My research is divided around two broad, policy-relevant areas:

  • The effectiveness of labor market and social protection policies, and

  • Skills dynamics and work-to-work transitions.

In the first area, my work focuses on identifying effective active labor market and social protection policies to improve job quality and social conditions, with the objective of informing national policy design. I study how program design and delivery features shape policy effectiveness, and how complementarities across policies can amplify their impacts.

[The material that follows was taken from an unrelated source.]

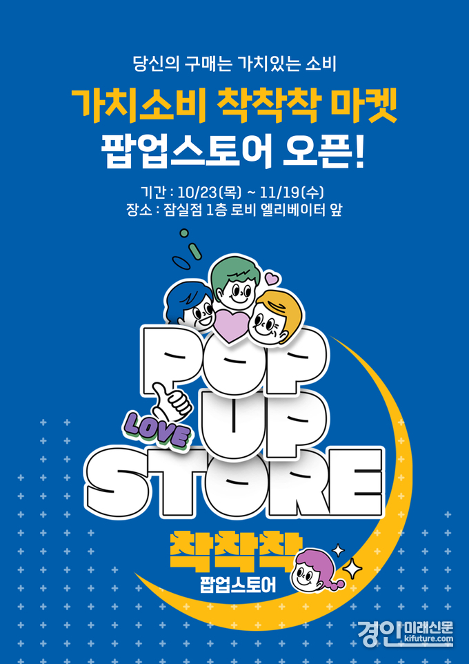 (경인미래신문=민경호 기자) 경기도와 경기도주식회사가 운영하는 경기도 공동브랜드 ‘착착착’이 오는 11월 19일까지 4주간(휴점일 제외) 롯데마트 잠실점 1층 행사장에서 ‘가치소비 착착착 마켓’ 팝업행사로 소비자를 찾아간다.

In the second area, I examine the skills required for successful transitions to decent work in low- and middle-income countries, using large-scale online data from job vacancies and applications collected from labour market platforms. My research contributes to advancing methods to measure skills using big data, including digital and green skills, and to identify the skills and skill bundles that foster upward job transitions. I also analyze how skill demand evolves in response to global shocks and structural transformations.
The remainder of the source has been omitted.